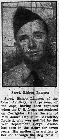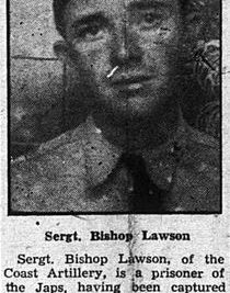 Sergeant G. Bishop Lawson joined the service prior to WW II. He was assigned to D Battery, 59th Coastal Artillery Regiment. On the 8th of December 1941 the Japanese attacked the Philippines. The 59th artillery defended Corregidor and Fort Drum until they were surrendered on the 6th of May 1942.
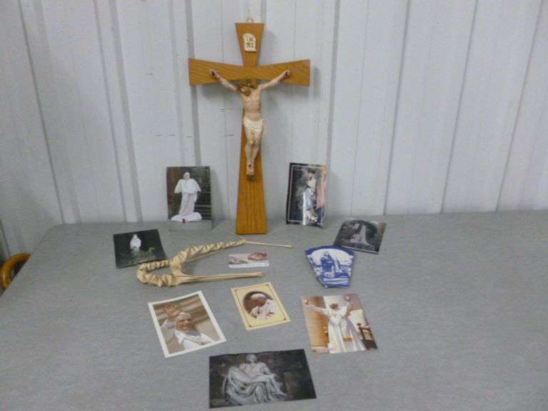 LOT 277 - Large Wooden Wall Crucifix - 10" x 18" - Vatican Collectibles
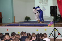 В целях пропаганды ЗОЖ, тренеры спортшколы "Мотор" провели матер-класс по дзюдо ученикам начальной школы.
---
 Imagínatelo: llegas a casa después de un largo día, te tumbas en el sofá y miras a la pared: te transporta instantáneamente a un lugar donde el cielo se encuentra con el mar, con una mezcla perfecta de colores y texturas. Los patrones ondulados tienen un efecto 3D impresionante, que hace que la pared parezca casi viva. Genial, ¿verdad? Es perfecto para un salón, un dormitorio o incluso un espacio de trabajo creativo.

• [REQUIRED ACTION]:
Above are records with pictures. Reproduce exactly only the lines from the line with "Sergeant G. Bishop" through the line with "В целях пропаганды", both ends included, and leave the pictures out.

• [SOLUTION TO THIS EXERCISE]:
 Sergeant G. Bishop Lawson joined the service prior to WW II. He was assigned to D Battery, 59th Coastal Artillery Regiment. On the 8th of December 1941 the Japanese attacked the Philippines. The 59th artillery defended Corregidor and Fort Drum until they were surrendered on the 6th of May 1942.
 LOT 277 - Large Wooden Wall Crucifix - 10" x 18" - Vatican Collectibles
 В целях пропаганды ЗОЖ, тренеры спортшколы "Мотор" провели матер-класс по дзюдо ученикам начальной школы.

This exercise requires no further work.